CVPR22 Submission ID 3504

Quick Start: Setup environment / Download models and dataset

conda env create -f environment.yml
conda activate amodal
bash download.sh
  • In the case that download.sh cannot be executed properly, please identify the missing directory and rerun the wget command for the corresponding zip file. If the issue persists, please refer to the download.sh description below.

Run experiments

  • Table 1: change the file Code/configs.py to set TABLE_NUM = 1 and MODEL_TYPE = 'ML' or MODEL_TYPE = 'E2E' and run the command below.

  • Table 2: change the file Code/configs.py to set TABLE_NUM = 2 and MODEL_TYPE = 'ML' or MODEL_TYPE = 'E2E' and run the command below.

  • Table 3: change the file Code/configs.py to set TABLE_NUM = 3 and MODEL_TYPE = 'ML' or MODEL_TYPE = 'E2E' and run the command below.

cd Code
python3 run_experiment.py

Optional: download.sh Description

Download models

  • Download pretrained model weights from here, unzip Models.zip and place the folder as /Models/.
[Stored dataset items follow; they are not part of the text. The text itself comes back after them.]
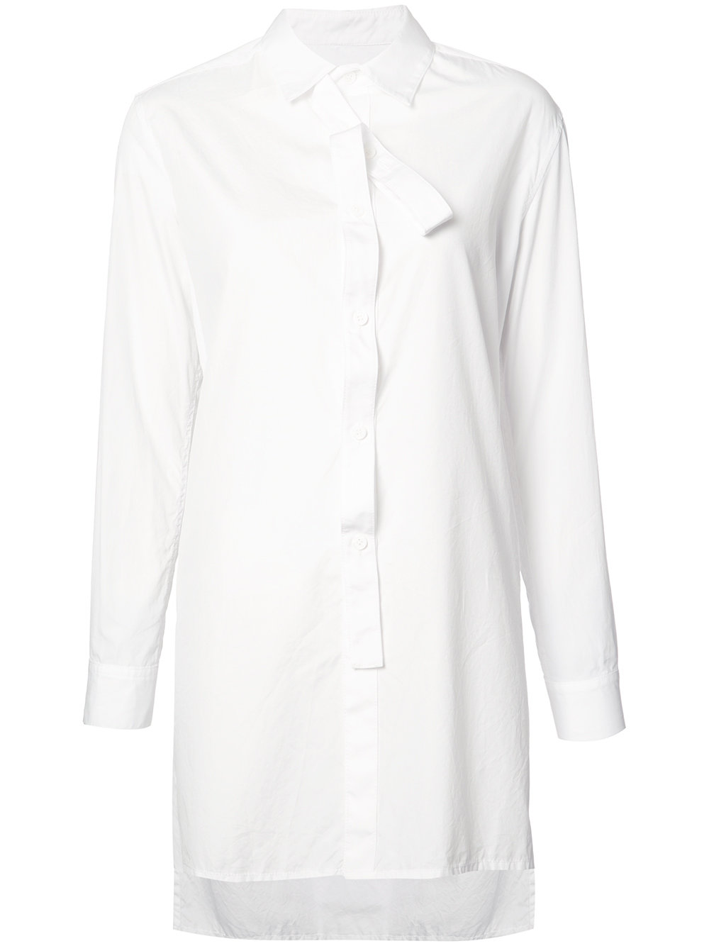 - Y's 白色 全棉 正面缎带饰衬衫。
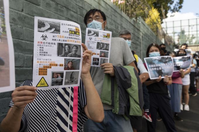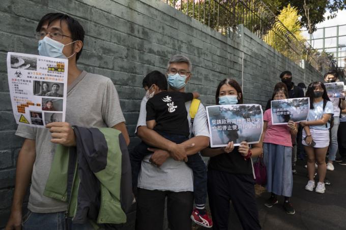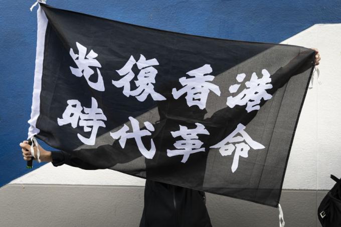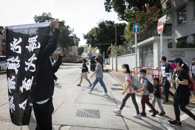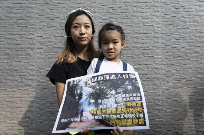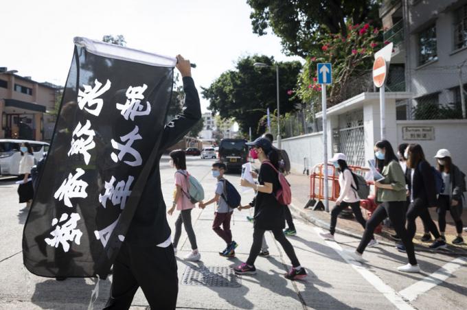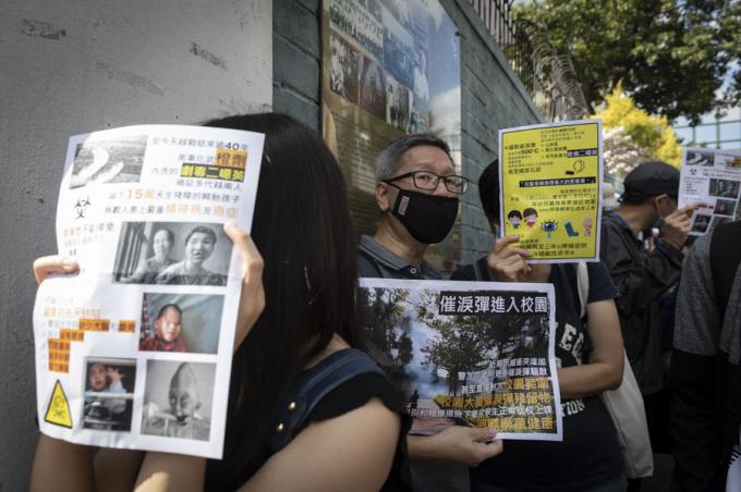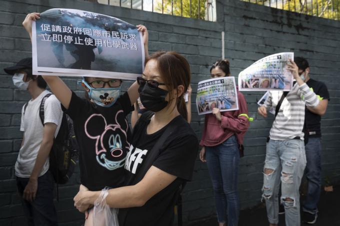 홍콩 구의원 선거를 하루 앞둔 23일 오전 홍콩 카오룽역 인근에서 시위대가 최루탄 사용 반대 행진을 하고 있다.
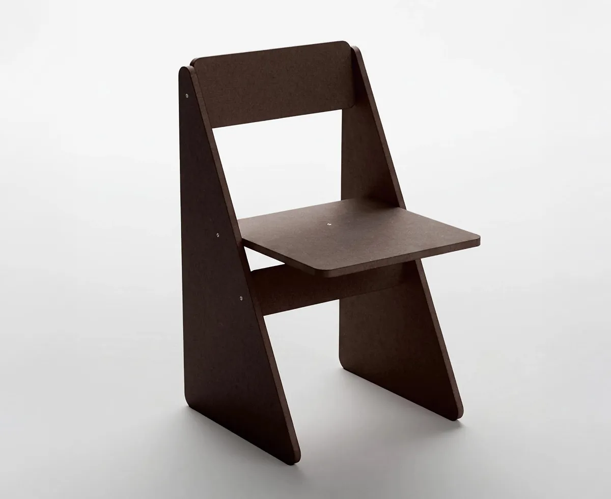 The chair is constructed from Valchromat, a contemporary sheet material produced in Portugal from recycled wood waste including chips and branches collected from forest floors. Wood fibers are dyed with organic colors and bonded with non-toxic resin that meets safety standards for children’s toys.
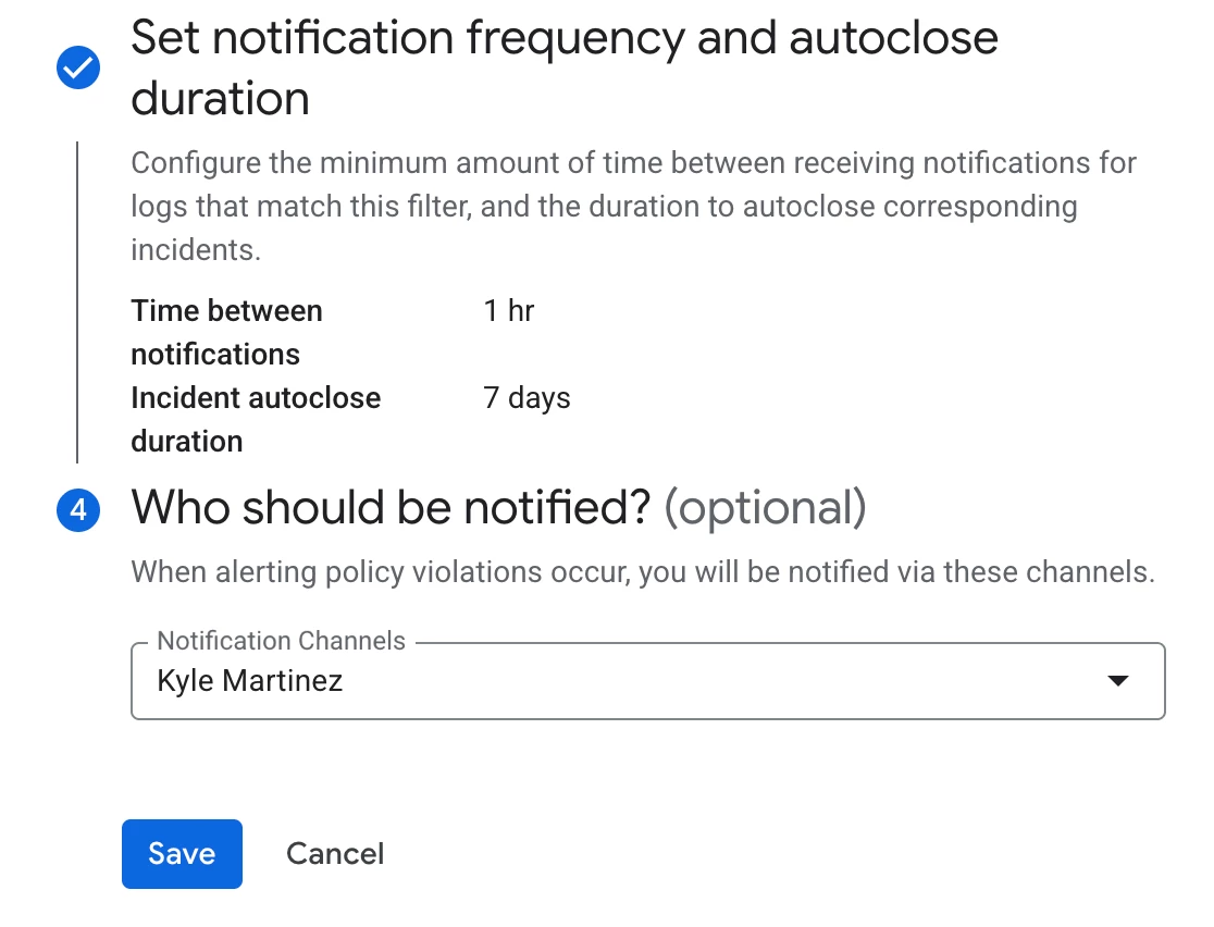 Finally, determine the notification frequency and specify the recipients. While this example focuses on sending an email notification, a variety of notification channels are available, such as Google Chat, Webhooks, and Slack. Further details on notification channels are accessible here.
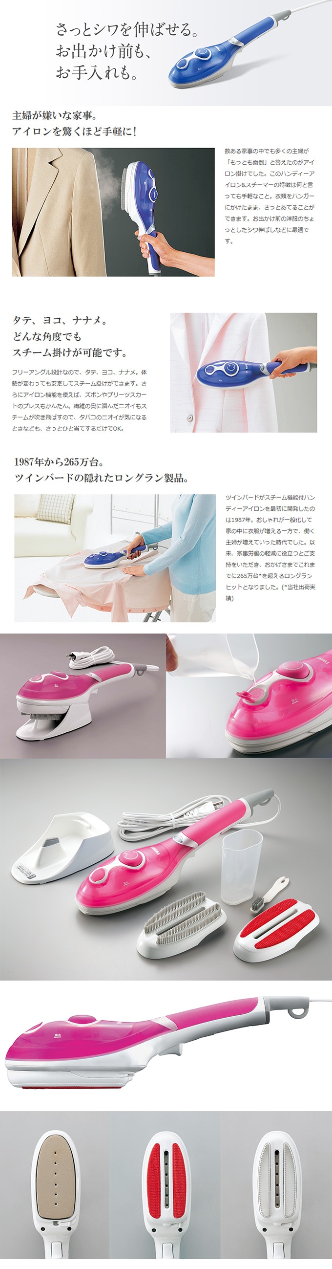 ツインバード(TWINBIRD)/ハンディーアイロン&スチーマー (ピンク)/SA-4084P|主婦が嫌いな家事。アイロンを驚くほど手軽に!
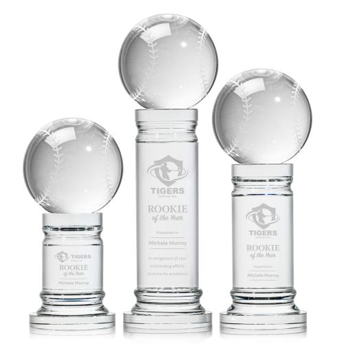 Honor a home-run achievement with the exquisite Baseball Globe on Pedestal Base Crystal Trophy. A symbol of craftsmanship and the love of the game, this trophy features a perfectly crafted optical crystal baseball elegantly resting atop a stately pedestal base. The crystal globe captures and bends light into a dazzling spectacle, making it a striking centerpiece for any display. Ready for customization, the pedestal's clear surface is ideal for engraving accolades, logos, or names, making it not just an award, but a personalized memento of success. Whether for tournaments, player recognition, or as a thoughtful gift, this trophy is a grand slam for celebrating baseball's finest moments.

  • Download RPN results used for evaluatiooon from here, unzip RPN_results.zip and place the folder as /RPN_results/.

Download dataset

  • Download Occluded Vehicle Dataset from here, unzip Occluded_Vehicles.zip and place the folder as /Dataset/Occluded_Vehicles/.

  • Download KINS Dataset from here, unzip kitti.zip and place the folder as /Dataset/kitti/.

  • Download COCOA Dataset from here, unzip COCO.zip and place the folder as /Dataset/COCO/. Additionally, download COCO data train2014 and val2014 and place the folders as /Dataset/COCO/train2014/ and /Dataset/COCO/val2014/.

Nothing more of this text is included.